WHAT IS EXPECTED: Copy out exactly the stretch below, from the line with "पणजी, पोलंड येथील" through the line with "6- Person 10x10' (Model 6055)", both included; the pictures stay out.

Stored data
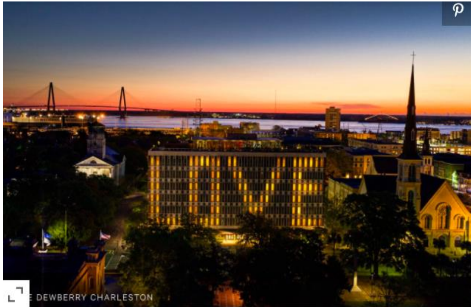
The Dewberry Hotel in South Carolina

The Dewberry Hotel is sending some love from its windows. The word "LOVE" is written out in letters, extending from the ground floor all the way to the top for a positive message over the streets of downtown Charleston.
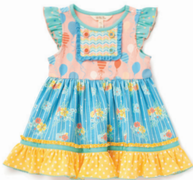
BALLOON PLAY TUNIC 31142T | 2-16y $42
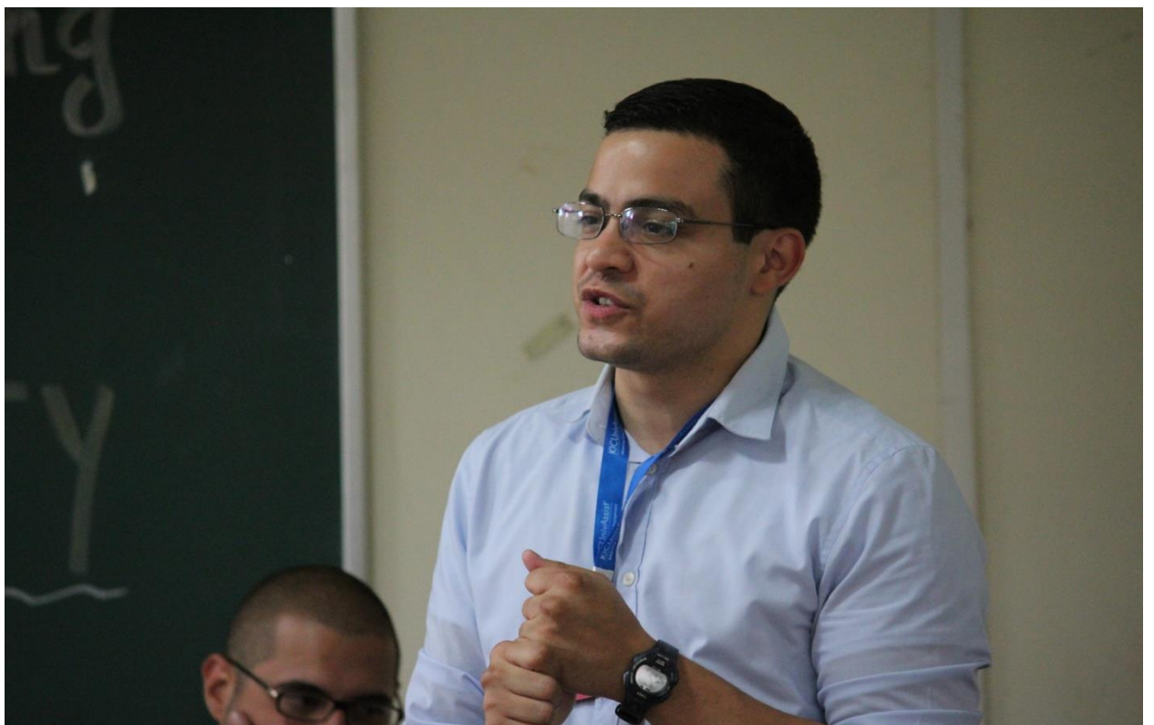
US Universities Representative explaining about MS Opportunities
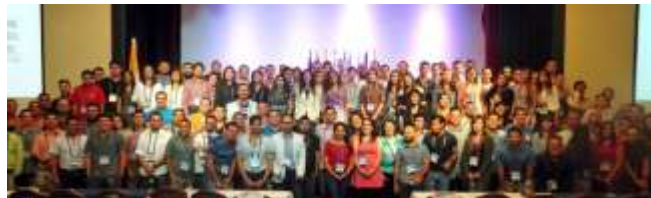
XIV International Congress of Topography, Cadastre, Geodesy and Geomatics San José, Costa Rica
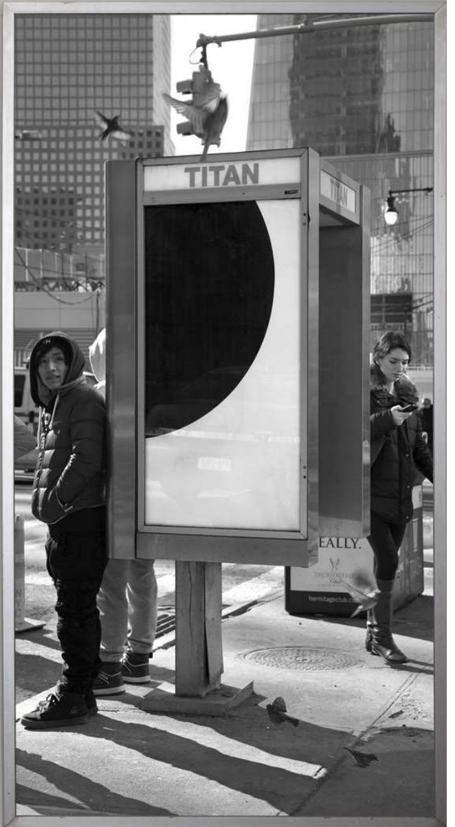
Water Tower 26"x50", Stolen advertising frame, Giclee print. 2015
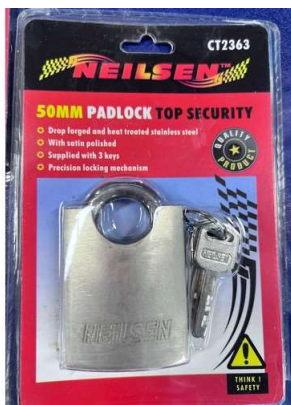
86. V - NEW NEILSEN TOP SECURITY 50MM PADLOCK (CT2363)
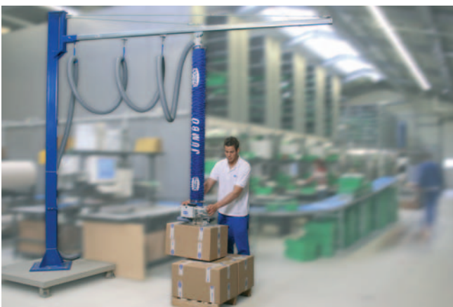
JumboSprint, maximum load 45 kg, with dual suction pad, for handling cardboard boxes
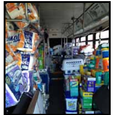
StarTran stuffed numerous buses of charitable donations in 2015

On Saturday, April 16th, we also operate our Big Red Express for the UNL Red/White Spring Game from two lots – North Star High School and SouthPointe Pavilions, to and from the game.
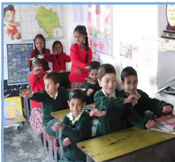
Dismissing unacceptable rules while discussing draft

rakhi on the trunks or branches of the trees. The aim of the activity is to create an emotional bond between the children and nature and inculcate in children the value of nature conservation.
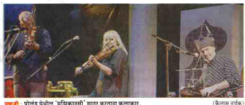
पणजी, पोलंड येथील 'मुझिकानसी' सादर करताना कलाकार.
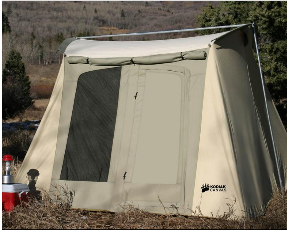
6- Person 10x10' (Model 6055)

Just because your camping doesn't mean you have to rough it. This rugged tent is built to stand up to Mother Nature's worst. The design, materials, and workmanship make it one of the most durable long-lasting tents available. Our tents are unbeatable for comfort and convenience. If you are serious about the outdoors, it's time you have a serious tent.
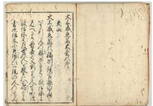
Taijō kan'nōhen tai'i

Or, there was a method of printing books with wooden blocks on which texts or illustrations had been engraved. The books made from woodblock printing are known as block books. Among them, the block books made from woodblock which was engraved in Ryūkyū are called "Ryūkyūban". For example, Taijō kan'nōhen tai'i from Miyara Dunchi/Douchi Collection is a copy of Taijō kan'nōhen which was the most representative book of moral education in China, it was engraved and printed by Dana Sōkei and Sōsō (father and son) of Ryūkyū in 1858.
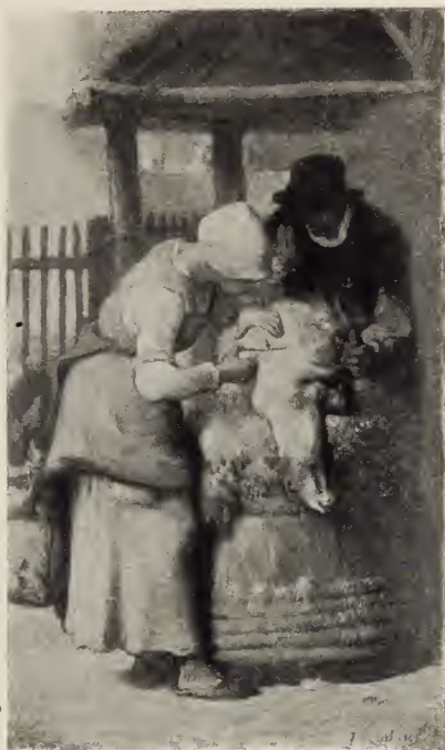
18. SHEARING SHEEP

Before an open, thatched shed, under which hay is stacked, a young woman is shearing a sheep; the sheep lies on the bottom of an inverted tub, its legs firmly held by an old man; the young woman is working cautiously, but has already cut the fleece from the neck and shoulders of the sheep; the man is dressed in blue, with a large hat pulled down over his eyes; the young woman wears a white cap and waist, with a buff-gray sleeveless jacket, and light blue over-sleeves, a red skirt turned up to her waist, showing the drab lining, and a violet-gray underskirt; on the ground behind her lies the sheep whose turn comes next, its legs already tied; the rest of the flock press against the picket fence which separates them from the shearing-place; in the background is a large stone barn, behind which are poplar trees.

RESULT FOR THIS EXERCISE:
पणजी, पोलंड येथील 'मुझिकानसी' सादर करताना कलाकार.
6- Person 10x10' (Model 6055)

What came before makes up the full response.